The most bizarre feature of this testimony is the hump expanding in some curious way before the creature finally submerged. We read that the foremost hump doubles in size as the object slowly submerged. Prior to this, the creature, in an almost equally bizarre manner, lay on the surface for several minutes.

Critics of reports like this try to deflect by stating this type of behaviour is at worst impossible or at best unheard of. They attempt to achieve this by framing the Loch Ness Monster as a simple creature with little in the way of novel behaviour. The actual lesson of Loch Ness Monster research is not to make the beast too simple, but neither make it too complex.

In my opinion, and that of monster researchers of times past, the creature possesses organs capable of quite notable positive buoyancy. This seems to be achieved via sacs or something similar that line its back and possibly sides. The action of these sacs is believed to be observed when the creature has been seen on multiple occasions changing its back contours.

Of course, we have various examples of creatures with inflatable air sacs. In fact, to see an example of positive buoyancy "in extremis", watch the YouTube clip below.
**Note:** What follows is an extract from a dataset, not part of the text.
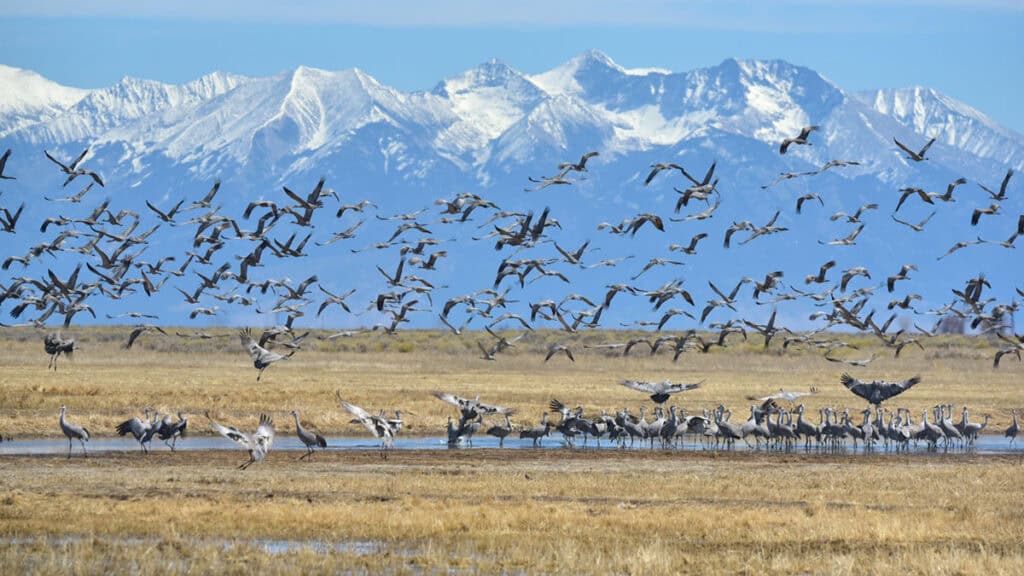 Nestled between the San Juan and Sangre de Cristo mountain ranges, San Luis Valley is known for potato, alfalfa, and other vegetable crop production. Half a million acres in the valley are irrigated, often by drawing groundwater from the valley’s two major aquifers. This irrigated farmland drives the majority of the region’s economic activity and creates food sources and habitat for migrating birds and other wildlife.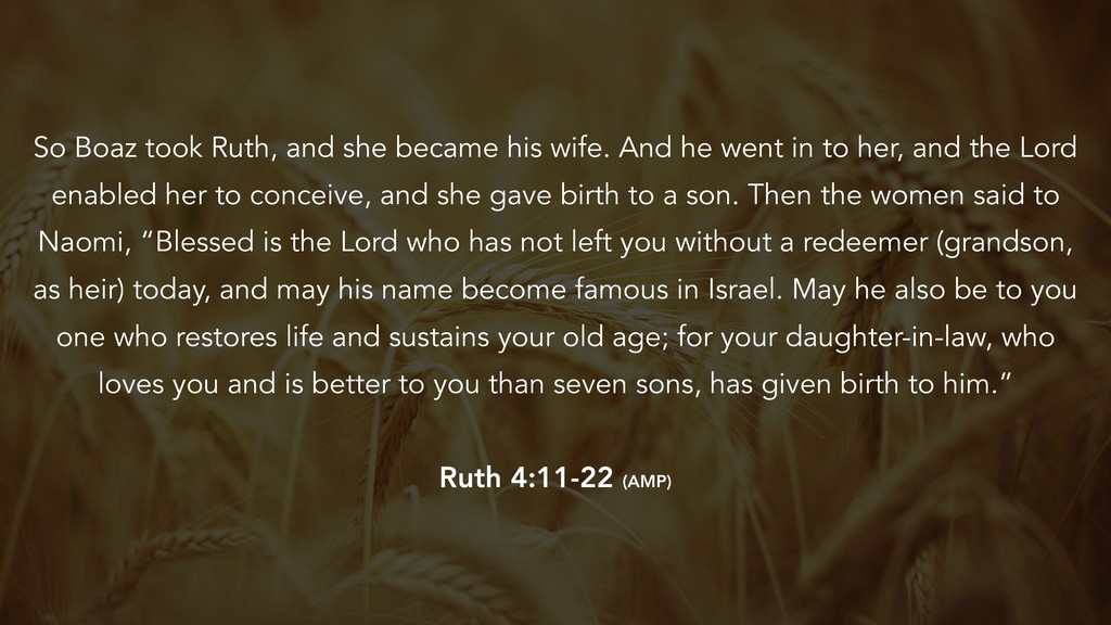 father of Hezron, Hezron was the father of Ram, Ram the father of Amminadab, Amminadab the father of Nahshon, Nahshon the father of Salmon, Salmon the father of Boaz, Boaz the father of Obed, Obed the father of Jesse, and Jesse the father of David [the king of Israel and the ancestor of Jesus Christ]. Ruth 4:11-22 (AMP)

You could say our pufferfish puts the alleged extreme buoyancy of the Loch Ness Monster to shame! Clearly, the pufferfish employed its inflation ability as a defence mechanism. Why the Loch Ness Monster does this is not as clear. The creature starts off in this non-inflation mode as its neck juts out of the water. The depth at 18 metres out is less than 70 feet and one assumes the LNM is at near neutral buoyancy.

Once it moves further out, positive buoyancy kicks in while it appears to do nothing at all after its presumed meal. Then we have this extraordinary ballooning effect of the foremost hump. A strange thing to observe if this was only a seal, otter or cormorant!
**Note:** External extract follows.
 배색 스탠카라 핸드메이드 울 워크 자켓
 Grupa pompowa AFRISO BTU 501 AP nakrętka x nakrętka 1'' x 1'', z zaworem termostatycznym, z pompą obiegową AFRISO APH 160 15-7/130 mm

I feel we have some kind of clue here but the final hump action is initially counter-intuitive. If the creature is submerging, it must go from positive to negative buoyancy and the description of the beast acting as if it is was being "pulled" into the water suggests a rapid change in buoyancy.
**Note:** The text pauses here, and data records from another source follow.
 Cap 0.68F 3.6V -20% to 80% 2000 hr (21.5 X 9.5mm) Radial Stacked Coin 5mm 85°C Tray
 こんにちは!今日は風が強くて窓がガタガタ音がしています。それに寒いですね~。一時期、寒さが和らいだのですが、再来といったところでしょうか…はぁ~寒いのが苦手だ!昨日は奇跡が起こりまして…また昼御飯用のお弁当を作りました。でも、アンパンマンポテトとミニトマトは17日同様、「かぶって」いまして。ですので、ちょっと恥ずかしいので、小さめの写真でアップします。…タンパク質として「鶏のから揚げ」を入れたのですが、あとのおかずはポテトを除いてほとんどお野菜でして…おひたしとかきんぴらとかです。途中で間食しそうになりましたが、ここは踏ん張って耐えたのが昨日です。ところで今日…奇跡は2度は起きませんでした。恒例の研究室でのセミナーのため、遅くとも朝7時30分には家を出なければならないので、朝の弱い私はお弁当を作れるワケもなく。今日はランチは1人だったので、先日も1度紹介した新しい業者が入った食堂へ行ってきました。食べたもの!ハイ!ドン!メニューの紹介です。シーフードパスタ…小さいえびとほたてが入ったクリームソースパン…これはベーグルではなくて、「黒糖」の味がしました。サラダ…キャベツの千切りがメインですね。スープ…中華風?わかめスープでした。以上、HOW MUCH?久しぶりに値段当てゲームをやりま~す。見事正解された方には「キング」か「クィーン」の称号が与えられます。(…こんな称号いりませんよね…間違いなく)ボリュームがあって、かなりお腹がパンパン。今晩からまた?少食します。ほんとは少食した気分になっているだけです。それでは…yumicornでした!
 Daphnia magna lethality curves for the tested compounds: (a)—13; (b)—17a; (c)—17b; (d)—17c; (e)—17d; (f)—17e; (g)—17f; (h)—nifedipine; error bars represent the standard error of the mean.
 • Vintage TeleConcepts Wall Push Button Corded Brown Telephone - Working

The natural assumption to make is that the hump would deflate to effect this transition as if air was being expelled. In fact, the opposite appears to happen! However, it may be that the swelling of the hump is not due to an intake of air but rather water from the loch. Certainly, the aforementioned pufferfish can take in water or air to inflate itself.

That would certainly make the creature heavier, but would it make it denser than if the hump was fully deflated? Perhaps a rapid water intake does aid a rapid dive, but since this behaviour is rarely (if ever) seen in other accounts of the creature sinking, it does not appear to be a necessity to normal submergence.


This blog accepts that John MacLean had one of the closest encounters with the Loch Ness Monster on record. Witnesses are more reliable and accurate than sceptics claim and no one who believes in a Loch Ness Monster should allow this to be so easily taken away. Certainly, at about sixty feet away, any debunking involving seals, otters or cormorants requires more than just saying so.

Of course, it is possible that John MacLean lied about his account. If anyone has evidence to that effect, let them bring it forward. Any suggestion that he lied because there is no Loch Ness Monster is circular reasoning.


As it turns out, Whyte and Dinsdale do mention the MacLean sighting favourably. This is an occasional problem is doing index based research, as your subject may not always appear in the index.

Constance Whyte mentions the sighting in her "Appendix A" of additional reports while Tim Dinsdale mentions it anonymously in his "Jigsaw Puzzle" chapter when tail sightings are analysed. It is clear from one of the descriptions that he is referring to J. MacLean.

One well known sceptical researcher took my initial statement on the Whyte/Dinsdale silence to be negative on MacLean (as if these authors "knew" something about him and quietly dropped it). Unfortunately (for him), he was wrong.